**THE TASK:**
An exact, picture-free copy of the listing is required.

##### DATA SHOWN #####

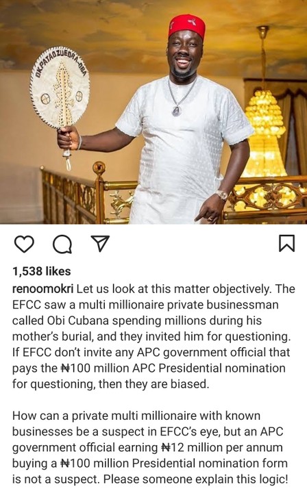 Let us look at this matter objectively. The EFCC saw a multi millionaire private businessman called Obi Cubana spending millions during his mother’s burial, and they invited him for questioning. If EFCC don’t invite any APC government official that pays the ₦100 million APC Presidential nomination for questioning, then they are biased.
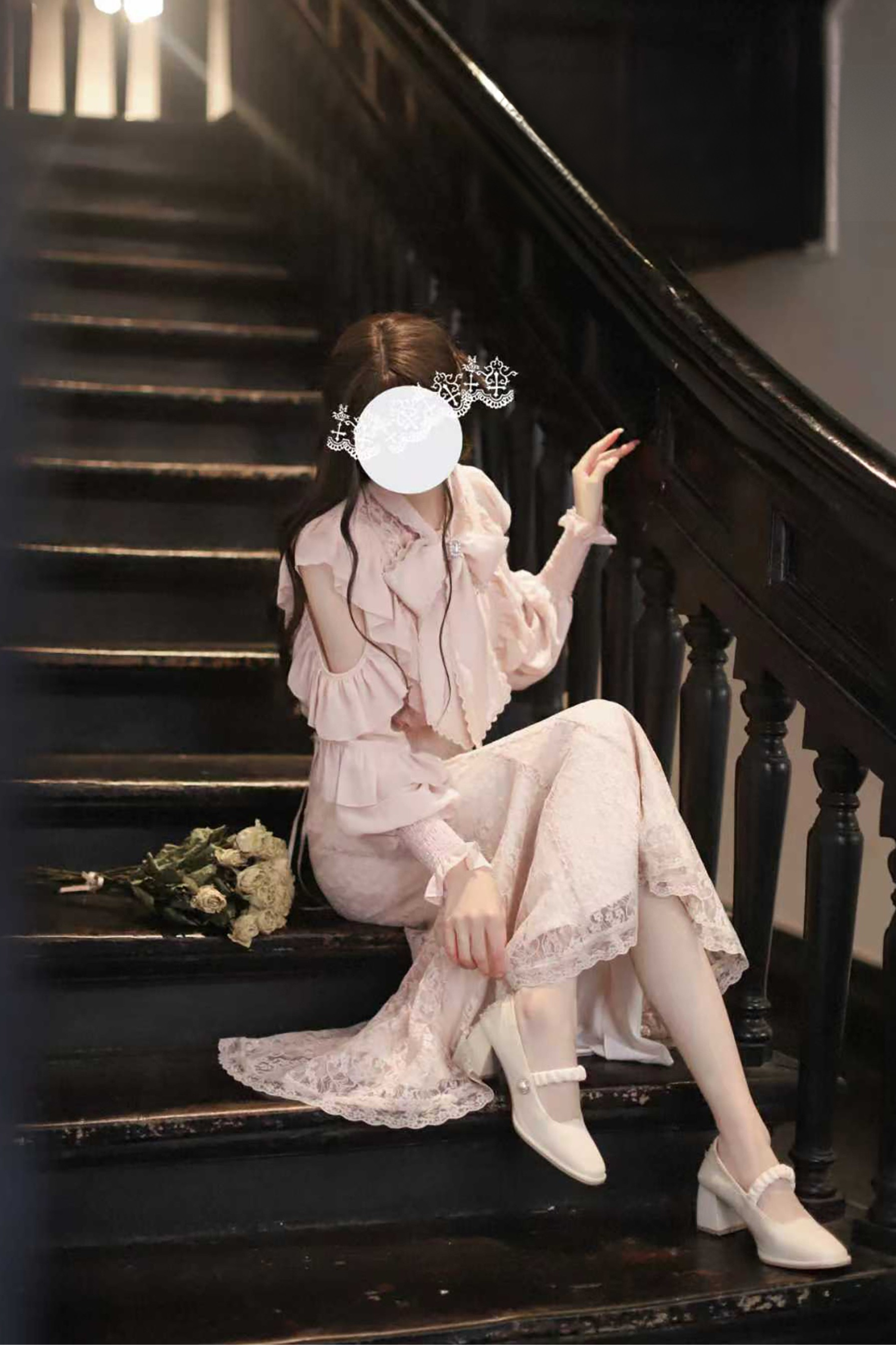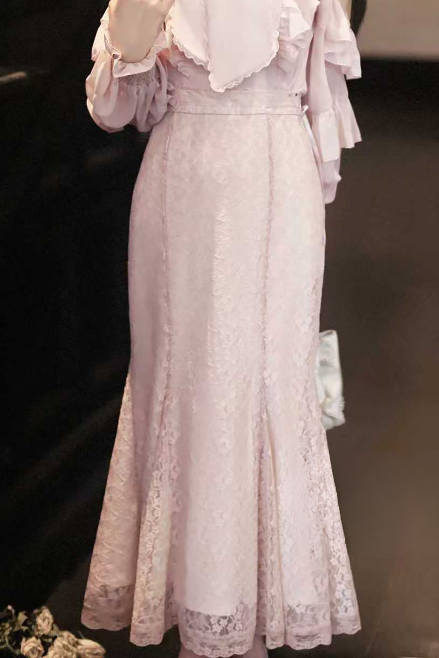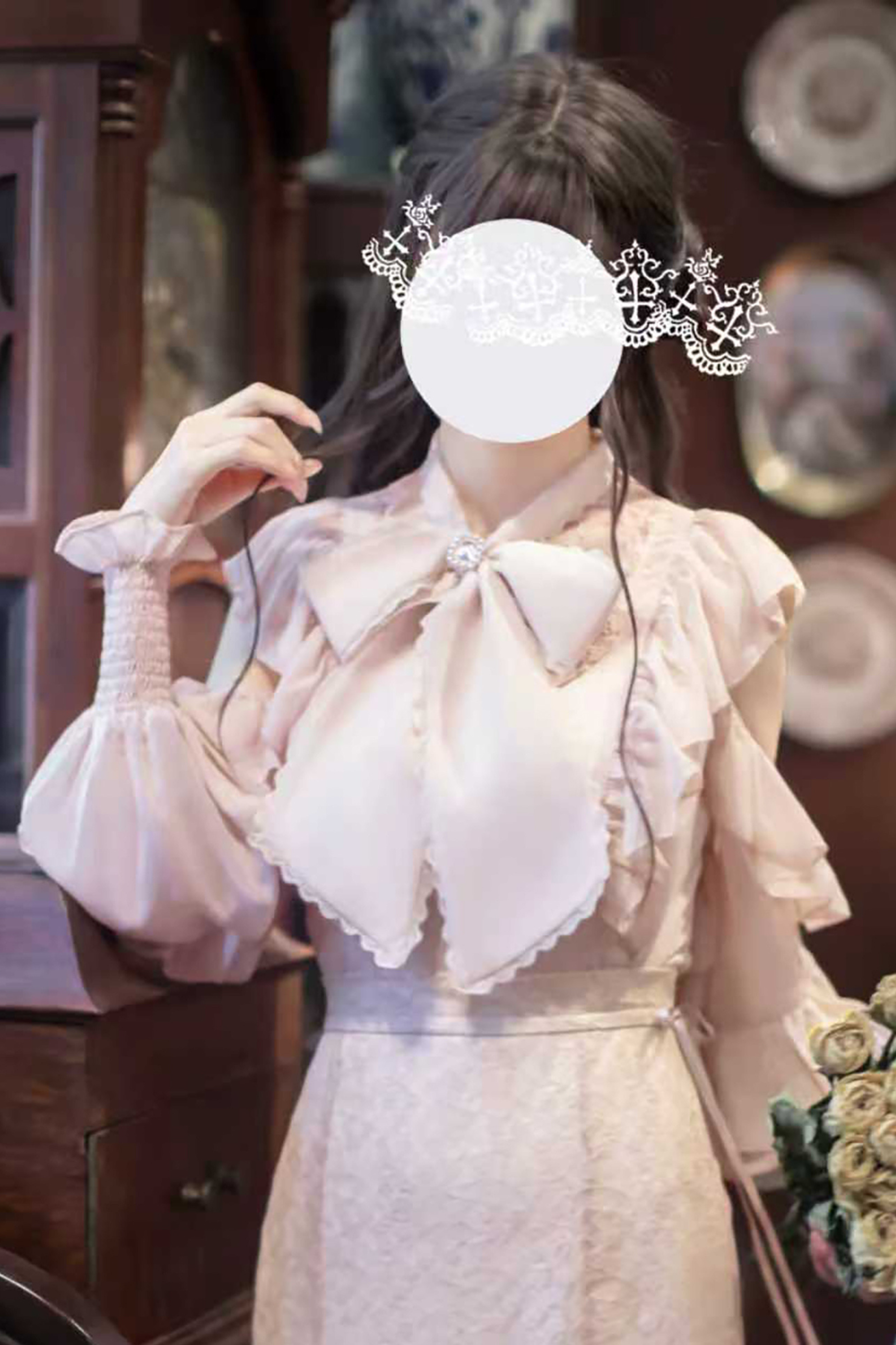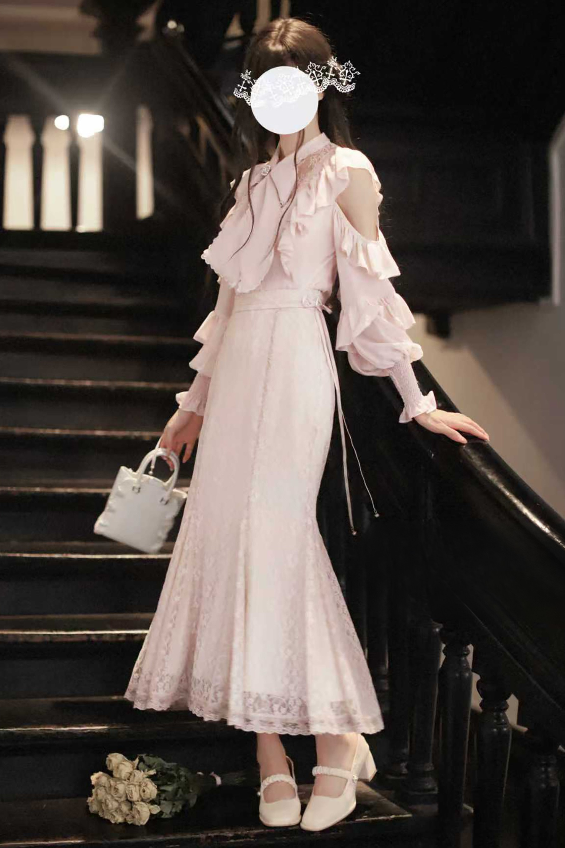 エレガントクリアシフォンビッグリボンシャツ+マーメイドスカート
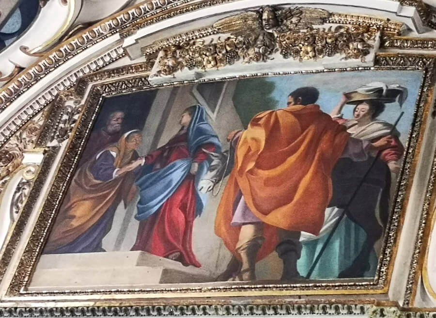 Si dedica infine alla volta della cappella dove dipinge un Dio Padre michelangiolesco (al centro) circondato da quattro tondi con angeli musicanti e quattro scene mariane. Partendo da sinistra e muovendosi in senso orario: Nascita della Vergine, Presentazione al Tempio, Annunciazione, Assunzione. Nel trionfo degli stucchi bianchi e oro, certamente una volta pregevole.

#####

**SOLUTION FOR THIS PROBLEM:**
 Let us look at this matter objectively. The EFCC saw a multi millionaire private businessman called Obi Cubana spending millions during his mother’s burial, and they invited him for questioning. If EFCC don’t invite any APC government official that pays the ₦100 million APC Presidential nomination for questioning, then they are biased.
 エレガントクリアシフォンビッグリボンシャツ+マーメイドスカート
 Si dedica infine alla volta della cappella dove dipinge un Dio Padre michelangiolesco (al centro) circondato da quattro tondi con angeli musicanti e quattro scene mariane. Partendo da sinistra e muovendosi in senso orario: Nascita della Vergine, Presentazione al Tempio, Annunciazione, Assunzione. Nel trionfo degli stucchi bianchi e oro, certamente una volta pregevole.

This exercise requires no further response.